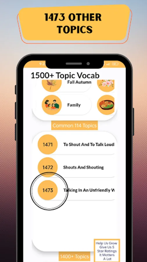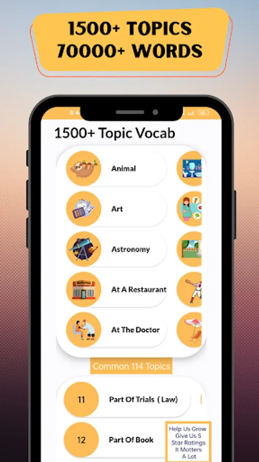 Topic Vocabulary App with more than 1500 Topics. We can proudly say this is the only app with 1500+ Topic related vocabulary.
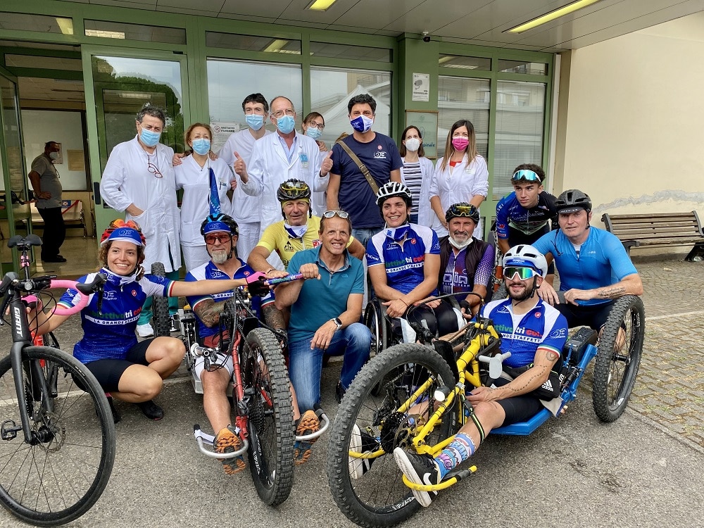 Ad accompagnare il gruppo, l’alpinista Simone Moro. La “carovana” è stata accolta oggi all’ingresso dell’Unità Spinale dell’Azienda Ospedaliero-Universitaria Careggi dal professor Giulio Del Popolo e parte della sua equipe, insieme ad Andrea Vannucci, consigliere regionale e vicesegretario della Commissione 3 Tutela della Salute, Politiche Sociali e Terzo Settore, Gioia Brogi, presidente del Gruppo Sportivo Unità Spinale Firenze Onlus, Piero Amati, coordinatore delle attività sportive Gruppo Sportivo Unità Spinale.
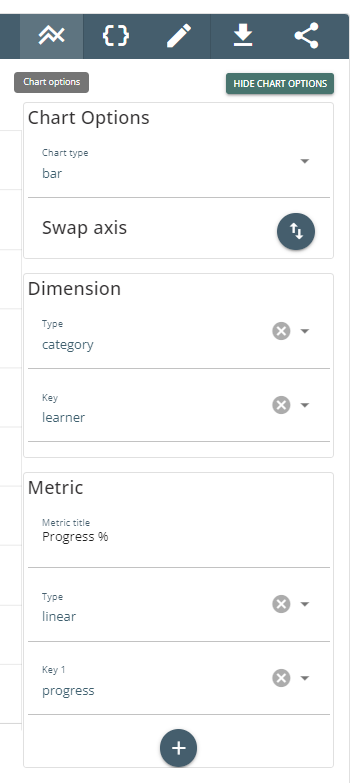 Lets you select the data set. If more than one data set is available, you can click on the + button to display multiple datasets on the same report.
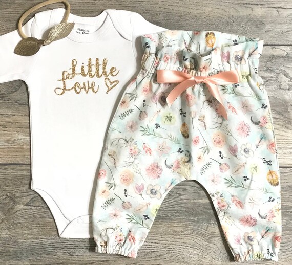 Newborn Coming Home Outfit Baby Girl Little Love Newborn Take Home Outfit Gold Glitter Bodysuit High Waisted Boho Bull Skull Pants
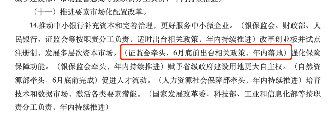 昨日(6月11日)傍晚,《国务院国务院关于落实<政府工作报告>重点工作部门分工的意见(国发〔2020〕6号)》明确指出,改革创业板并试点注册制,发展多层次资本市场,由证监会牵头,6月底前出台相关政策,年内落地。
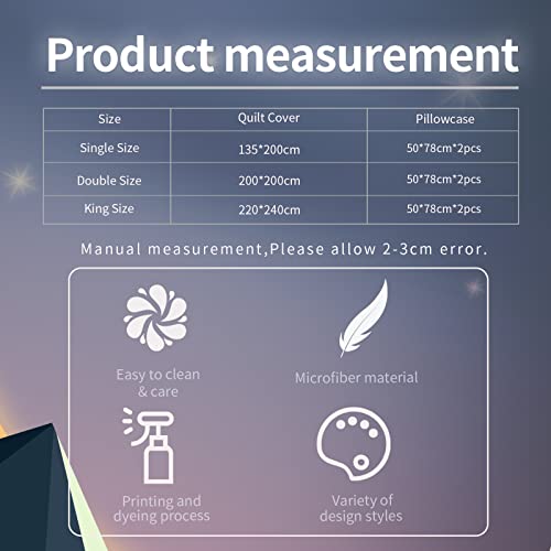 ¡¾Cura facile¡¿ Lavabile in lavatrice, non sbiadisce. Facile da rimuovere con cerniera. Processo di stampa e tintura reattivo rispettoso dell'ambiente, motivo trasparente, la nostra favolosa selezione di colori vivaci non sbiadisce dopo il lavaggio. La superficie liscia e morbida del copripiumino della biancheria da letto, non ¨¨ facile attaccare i capelli, non preoccuparti dei peli di animali domestici sulla trapunta.
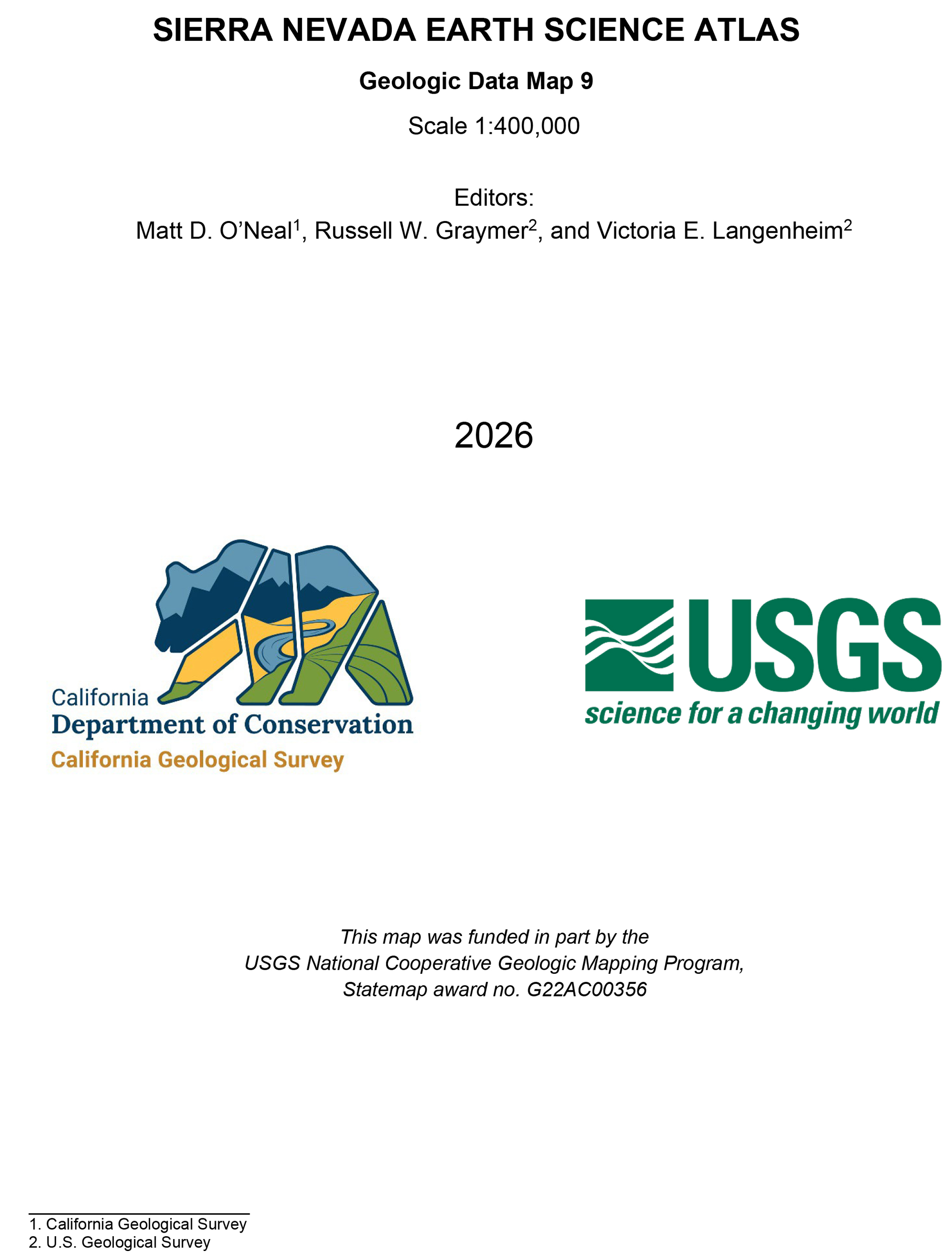 The Sierra Nevada Earth Science Atlas provides the most detailed geologic framework mapping of California’s most iconic landscape to date. This web page hosts the numerous maps, data layers, and an associated report that make up the Atlas. Collectively, these layers and report show and describe the geology of the Sierra Nevada, a prominent mountain range that extends roughly north-south across eastern California and into a small portion of western Nevada, along with adjacent areas. The Atlas is published as Geologic Data Map 9 (GDM 9).
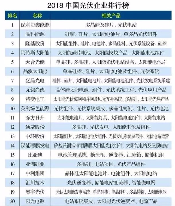 在2018年中國(guó)光伏企業(yè)排行榜中,前十名的光伏企業(yè)分別為保利協(xié)鑫能源、晶科能源、隆基股份、阿特斯太陽(yáng)能、天合光能、晶澳太陽(yáng)能、億晶光電、無(wú)錫尚德、特變電工、英利綠色能源。其涉及的主營(yíng)業(yè)務(wù)及產(chǎn)品如下表。本文則重點(diǎn)介紹在這些領(lǐng)先企業(yè)之外,在產(chǎn)業(yè)鏈各端占據(jù)絕對(duì)優(yōu)勢(shì)地位的“小巨頭”企業(yè)。
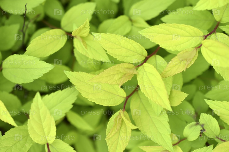 Зеленые листья спиреи японской. Фон зеленых листьев
────────
* _TO DO_
All of the entries above are to be written out exactly, with no pictures.

* _ANSWER SPACE_
 Topic Vocabulary App with more than 1500 Topics. We can proudly say this is the only app with 1500+ Topic related vocabulary.
 Ad accompagnare il gruppo, l’alpinista Simone Moro. La “carovana” è stata accolta oggi all’ingresso dell’Unità Spinale dell’Azienda Ospedaliero-Universitaria Careggi dal professor Giulio Del Popolo e parte della sua equipe, insieme ad Andrea Vannucci, consigliere regionale e vicesegretario della Commissione 3 Tutela della Salute, Politiche Sociali e Terzo Settore, Gioia Brogi, presidente del Gruppo Sportivo Unità Spinale Firenze Onlus, Piero Amati, coordinatore delle attività sportive Gruppo Sportivo Unità Spinale.
 Lets you select the data set. If more than one data set is available, you can click on the + button to display multiple datasets on the same report.
 Newborn Coming Home Outfit Baby Girl Little Love Newborn Take Home Outfit Gold Glitter Bodysuit High Waisted Boho Bull Skull Pants
 昨日(6月11日)傍晚,《国务院国务院关于落实<政府工作报告>重点工作部门分工的意见(国发〔2020〕6号)》明确指出,改革创业板并试点注册制,发展多层次资本市场,由证监会牵头,6月底前出台相关政策,年内落地。
 ¡¾Cura facile¡¿ Lavabile in lavatrice, non sbiadisce. Facile da rimuovere con cerniera. Processo di stampa e tintura reattivo rispettoso dell'ambiente, motivo trasparente, la nostra favolosa selezione di colori vivaci non sbiadisce dopo il lavaggio. La superficie liscia e morbida del copripiumino della biancheria da letto, non ¨¨ facile attaccare i capelli, non preoccuparti dei peli di animali domestici sulla trapunta.
 The Sierra Nevada Earth Science Atlas provides the most detailed geologic framework mapping of California’s most iconic landscape to date. This web page hosts the numerous maps, data layers, and an associated report that make up the Atlas. Collectively, these layers and report show and describe the geology of the Sierra Nevada, a prominent mountain range that extends roughly north-south across eastern California and into a small portion of western Nevada, along with adjacent areas. The Atlas is published as Geologic Data Map 9 (GDM 9).
 在2018年中國(guó)光伏企業(yè)排行榜中,前十名的光伏企業(yè)分別為保利協(xié)鑫能源、晶科能源、隆基股份、阿特斯太陽(yáng)能、天合光能、晶澳太陽(yáng)能、億晶光電、無(wú)錫尚德、特變電工、英利綠色能源。其涉及的主營(yíng)業(yè)務(wù)及產(chǎn)品如下表。本文則重點(diǎn)介紹在這些領(lǐng)先企業(yè)之外,在產(chǎn)業(yè)鏈各端占據(jù)絕對(duì)優(yōu)勢(shì)地位的“小巨頭”企業(yè)。
 Зеленые листья спиреи японской. Фон зеленых листьев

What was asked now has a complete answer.